▸ **PROBLEM**
Leave no picture in, and give every entry again exactly.

--- TASK INPUT ---

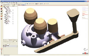 ![]() | The screenshot of MAGMA5 shows the cast component’s geometry from which mold and cores can be derived. Geometry data are available through easy transfer via standard interfaces, direct interfaces for CATIA and Pro/E or geometry construction in MAGMA5. |
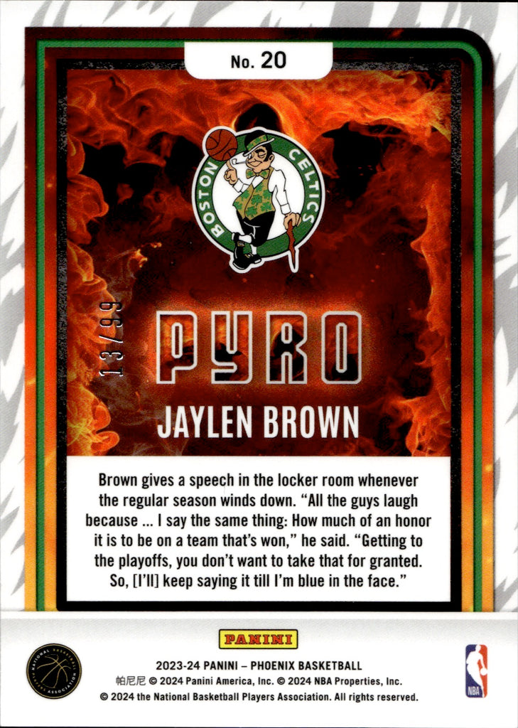 2023-24 Jaylen Brown Panini Phoenix PINK PYRO 13/99 #20 Boston Celtics
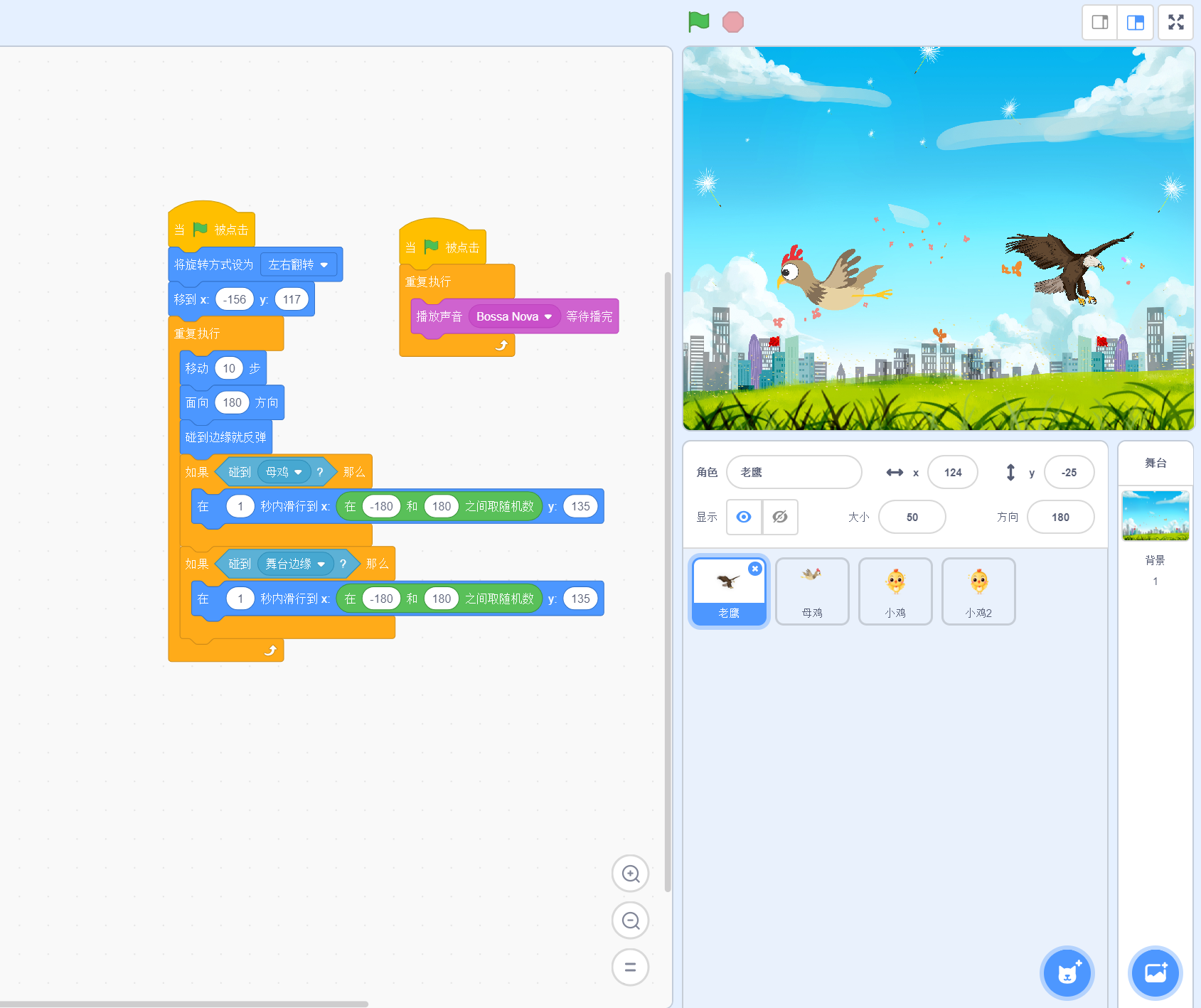 作品介绍: 利用scratch制作超有创意的老鹰捉小鸡; 作品特色: 趣味、创意 作品归类: scratch作品源码 声明:本站所有文章,如无特殊说明或标注,均为本站原创发布。任何个人或组织,在未征得本站同意时,禁止复制、盗用、采集、发布本站内容到任何网站、书籍等各类媒体平台。如若本站内容侵犯了原著者的合法权益,可联系我们进行处理。
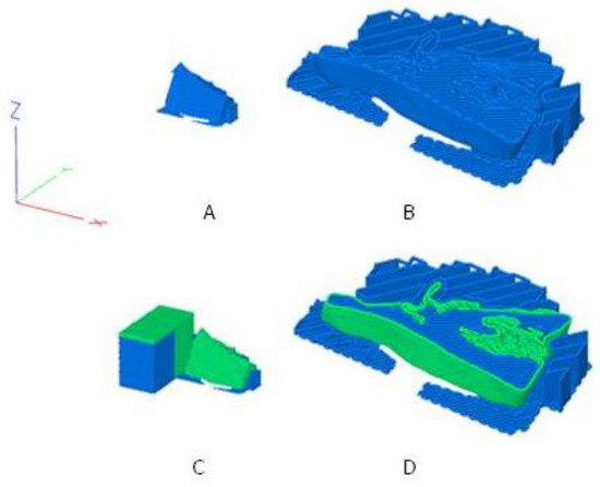 The sliced and orientated maxillofacial implant A [7]; (A): standard implant; (B): standard implant cut at Z = 5 mm and enlarged; (C): performance implant with TPU shell (green) and PETG core (blue); (D): performance implant cut at Z = 5 mm and enlarged; additionally shown in 3: the prime tower to the left of the implant.
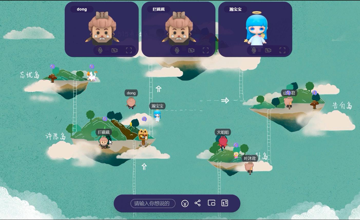 This is a real-time interactive community created on the online platform Vland, designed for friends to gather and chat online during home quarantine due to the pandemic. It features hand-drawn backgrounds and immersive experience with multiple story scenarios, including announcements, testing and health checks, group food purchases, and stargazing on the rooftop.
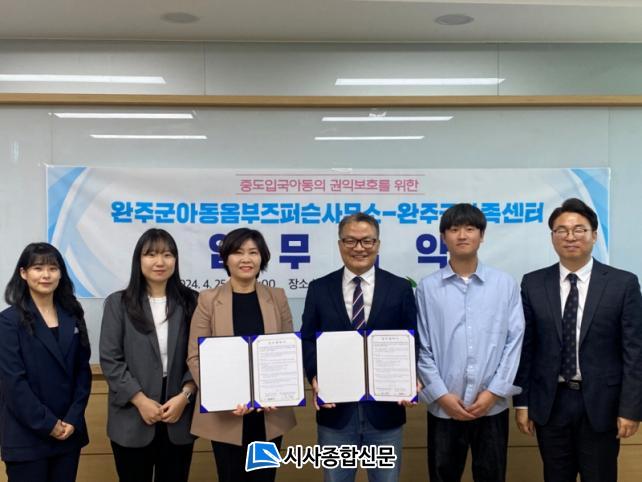 [½Ã»çÁ¾ÇսŹ® = ±è¿¬Èñ ±âÀÚ] ¿ÏÁÖ±º¾Æµ¿¿ÈºÎÁîÆÛ½¼»ç¹«¼Ò(»ç¹«¼ÒÀå ÃÖÁ¤¼³)¿Í ¿ÏÁÖ±º°¡Á·¼¾ÅÍ(¼¾ÅÍÀå ±èÁ¤Àº)°¡ ¡®ÁßµµÀÔ±¹ ¾Æµ¿ÀÇ ±ÇÀͺ¸È£¸¦ À§ÇÑ ¾÷¹«Çù¾à¡¯À» ü°áÇß´Ù.
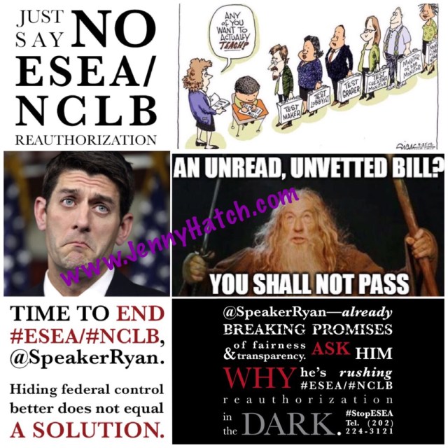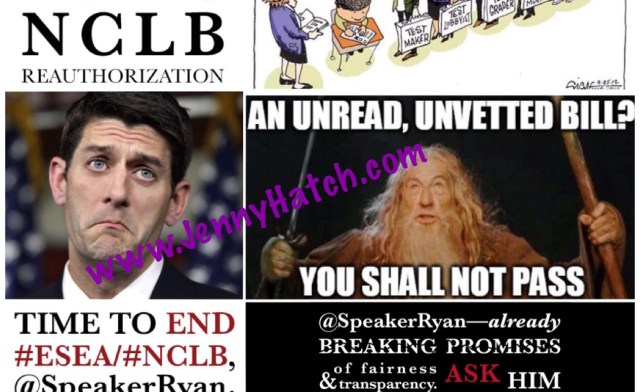 So parents and grandparents, I would encourage all of you to get off your asses and make a few phone calls and send a few tweets TODAY, because Fed Ed, including the most noxious portions of No Child Left Behind, is about to be entrenched in American Schools for THE NEXT SEVEN YEARS!
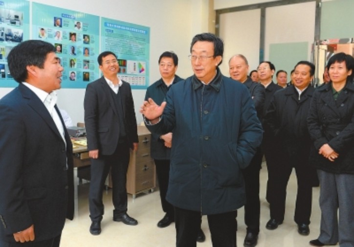 随后杜祖亮教授给郭书记汇报了QLED项目研发的整体规划情况。他说,去年我们专门给徐济超副省长汇报之后,省里专门下发了省长办公纪要,要求加快研发进程。学校对此非常重视,经反复研讨制订了详细的研发规划。分为三个阶段:分别是实验室阶段,中试阶段和产业化阶段。目前是实验室在原理上的探索,这一块儿主要是基础研究,现在还需要重点支持一下。听到这里,郭书记立即询问需要什么支持。杜祖亮汇报说,现在我们正在申报河南省特色优势学科,希望将QLED相关学科纳入省特色优势学科计划,进一步提升QLED研发平台。郭书记说,学科能不能进入还是要专家学者来评价,但有关部门应当给予关注。杜祖亮继续汇报说,在第二阶段中试方面我们正在和德科科技园合作,现在校、市的合作正全面展开,市里的吉书记和我们学校的关书记亲自抓,联合共建中原硅谷科技发展研究院和光电科技园。QLED项目是首先入住的项目,正在围绕QLED建立联合研发中心和孵化器。郭书记还详细询问了正在进行的联合研发项目进展情况,杜祖亮一一作答。汇报最后,杜祖亮向郭书记介绍了正在进行的量子点打印技术。他说,工艺和制程问题是制约QLED应用的另外一个难点,我们希望通过我们原创性的研究,探索出一条可行的技术路线,有许多基础和技术的问题要研究解决。这一过程需要有研制生产手机面板显示屏的专业性企业介入,包括中试线的建立,都需要专业的企业来参与进来,由企业主导。杜祖亮说,目前与这类企业的对接也是一个困难。郭书记当即表示,省里要做一些调研,帮助你们与企业对接。
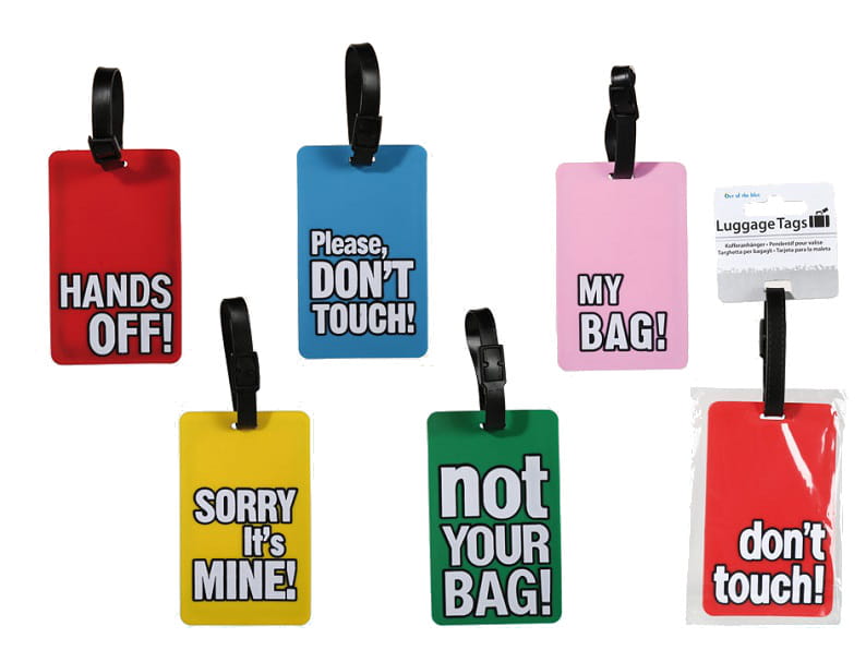 - po jednej stronie miejsce na umieszczenie danych właściciela, po drugiej zabawne slogany, aby obcy trzymali się od Twojego bagażu z daleka
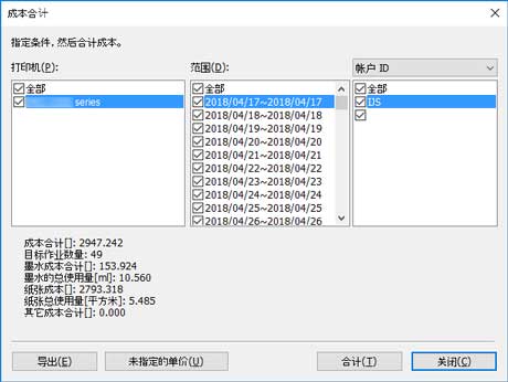 可以在成本合计对话框中指定合计标准并显示成本合计结果。
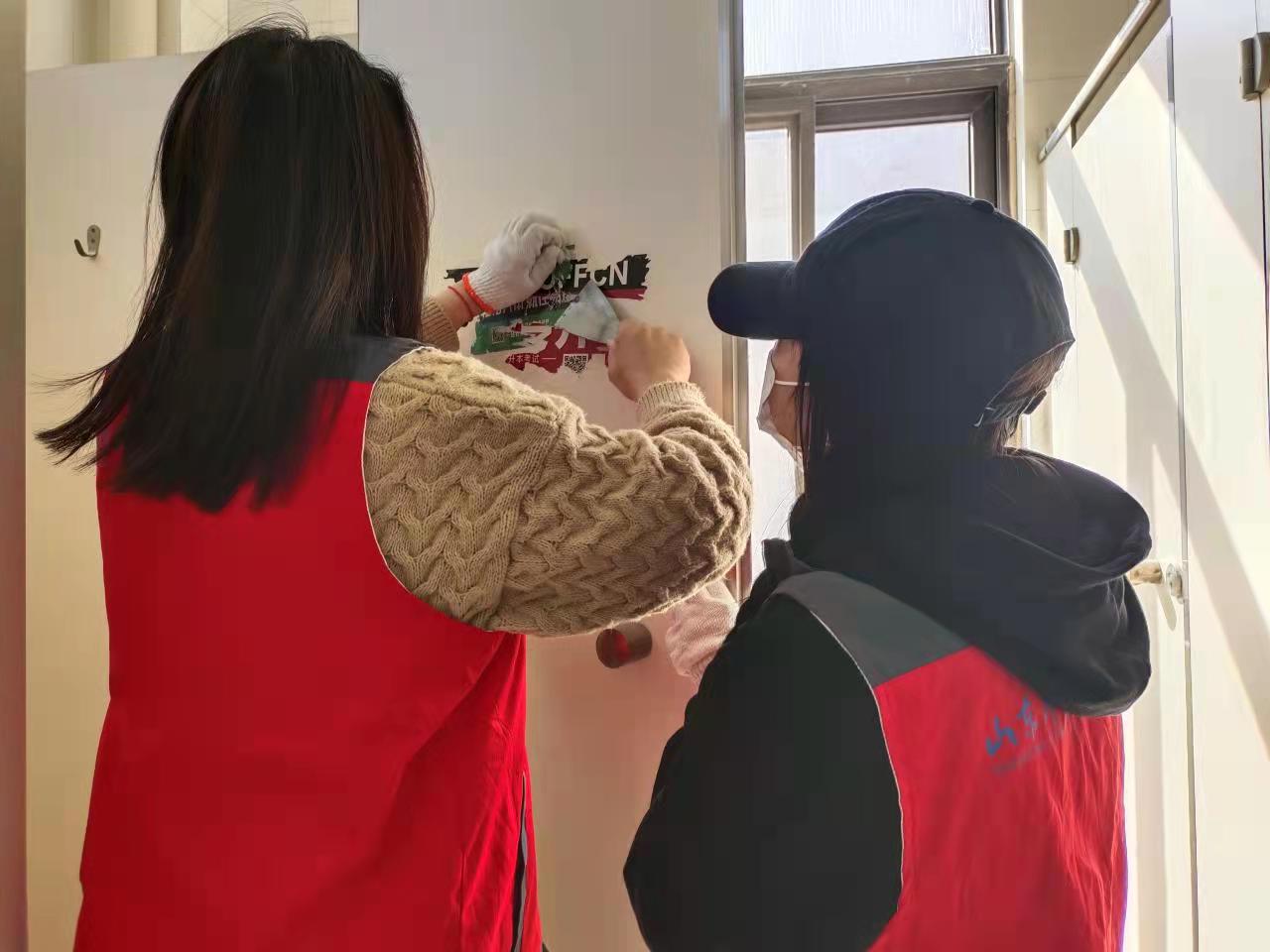 上午9点,学生会成员及志愿者们在图书馆门前集合。负责人就本次活动进行了任务分工,同时向各组发放了手套和清洁工具,随后,大家以小组为单位分别对校园主干道、绿化带、教学楼卫生间等公共设施、区域和卫生死角进行清洁。

---

▸ **RESPONSE AREA**
 ![]() | The screenshot of MAGMA5 shows the cast component’s geometry from which mold and cores can be derived. Geometry data are available through easy transfer via standard interfaces, direct interfaces for CATIA and Pro/E or geometry construction in MAGMA5. |
 2023-24 Jaylen Brown Panini Phoenix PINK PYRO 13/99 #20 Boston Celtics
 作品介绍: 利用scratch制作超有创意的老鹰捉小鸡; 作品特色: 趣味、创意 作品归类: scratch作品源码 声明:本站所有文章,如无特殊说明或标注,均为本站原创发布。任何个人或组织,在未征得本站同意时,禁止复制、盗用、采集、发布本站内容到任何网站、书籍等各类媒体平台。如若本站内容侵犯了原著者的合法权益,可联系我们进行处理。
 The sliced and orientated maxillofacial implant A [7]; (A): standard implant; (B): standard implant cut at Z = 5 mm and enlarged; (C): performance implant with TPU shell (green) and PETG core (blue); (D): performance implant cut at Z = 5 mm and enlarged; additionally shown in 3: the prime tower to the left of the implant.
 This is a real-time interactive community created on the online platform Vland, designed for friends to gather and chat online during home quarantine due to the pandemic. It features hand-drawn backgrounds and immersive experience with multiple story scenarios, including announcements, testing and health checks, group food purchases, and stargazing on the rooftop.
 [½Ã»çÁ¾ÇսŹ® = ±è¿¬Èñ ±âÀÚ] ¿ÏÁÖ±º¾Æµ¿¿ÈºÎÁîÆÛ½¼»ç¹«¼Ò(»ç¹«¼ÒÀå ÃÖÁ¤¼³)¿Í ¿ÏÁÖ±º°¡Á·¼¾ÅÍ(¼¾ÅÍÀå ±èÁ¤Àº)°¡ ¡®ÁßµµÀÔ±¹ ¾Æµ¿ÀÇ ±ÇÀͺ¸È£¸¦ À§ÇÑ ¾÷¹«Çù¾à¡¯À» ü°áÇß´Ù.
 So parents and grandparents, I would encourage all of you to get off your asses and make a few phone calls and send a few tweets TODAY, because Fed Ed, including the most noxious portions of No Child Left Behind, is about to be entrenched in American Schools for THE NEXT SEVEN YEARS!
 随后杜祖亮教授给郭书记汇报了QLED项目研发的整体规划情况。他说,去年我们专门给徐济超副省长汇报之后,省里专门下发了省长办公纪要,要求加快研发进程。学校对此非常重视,经反复研讨制订了详细的研发规划。分为三个阶段:分别是实验室阶段,中试阶段和产业化阶段。目前是实验室在原理上的探索,这一块儿主要是基础研究,现在还需要重点支持一下。听到这里,郭书记立即询问需要什么支持。杜祖亮汇报说,现在我们正在申报河南省特色优势学科,希望将QLED相关学科纳入省特色优势学科计划,进一步提升QLED研发平台。郭书记说,学科能不能进入还是要专家学者来评价,但有关部门应当给予关注。杜祖亮继续汇报说,在第二阶段中试方面我们正在和德科科技园合作,现在校、市的合作正全面展开,市里的吉书记和我们学校的关书记亲自抓,联合共建中原硅谷科技发展研究院和光电科技园。QLED项目是首先入住的项目,正在围绕QLED建立联合研发中心和孵化器。郭书记还详细询问了正在进行的联合研发项目进展情况,杜祖亮一一作答。汇报最后,杜祖亮向郭书记介绍了正在进行的量子点打印技术。他说,工艺和制程问题是制约QLED应用的另外一个难点,我们希望通过我们原创性的研究,探索出一条可行的技术路线,有许多基础和技术的问题要研究解决。这一过程需要有研制生产手机面板显示屏的专业性企业介入,包括中试线的建立,都需要专业的企业来参与进来,由企业主导。杜祖亮说,目前与这类企业的对接也是一个困难。郭书记当即表示,省里要做一些调研,帮助你们与企业对接。
 - po jednej stronie miejsce na umieszczenie danych właściciela, po drugiej zabawne slogany, aby obcy trzymali się od Twojego bagażu z daleka
 可以在成本合计对话框中指定合计标准并显示成本合计结果。
 上午9点,学生会成员及志愿者们在图书馆门前集合。负责人就本次活动进行了任务分工,同时向各组发放了手套和清洁工具,随后,大家以小组为单位分别对校园主干道、绿化带、教学楼卫生间等公共设施、区域和卫生死角进行清洁。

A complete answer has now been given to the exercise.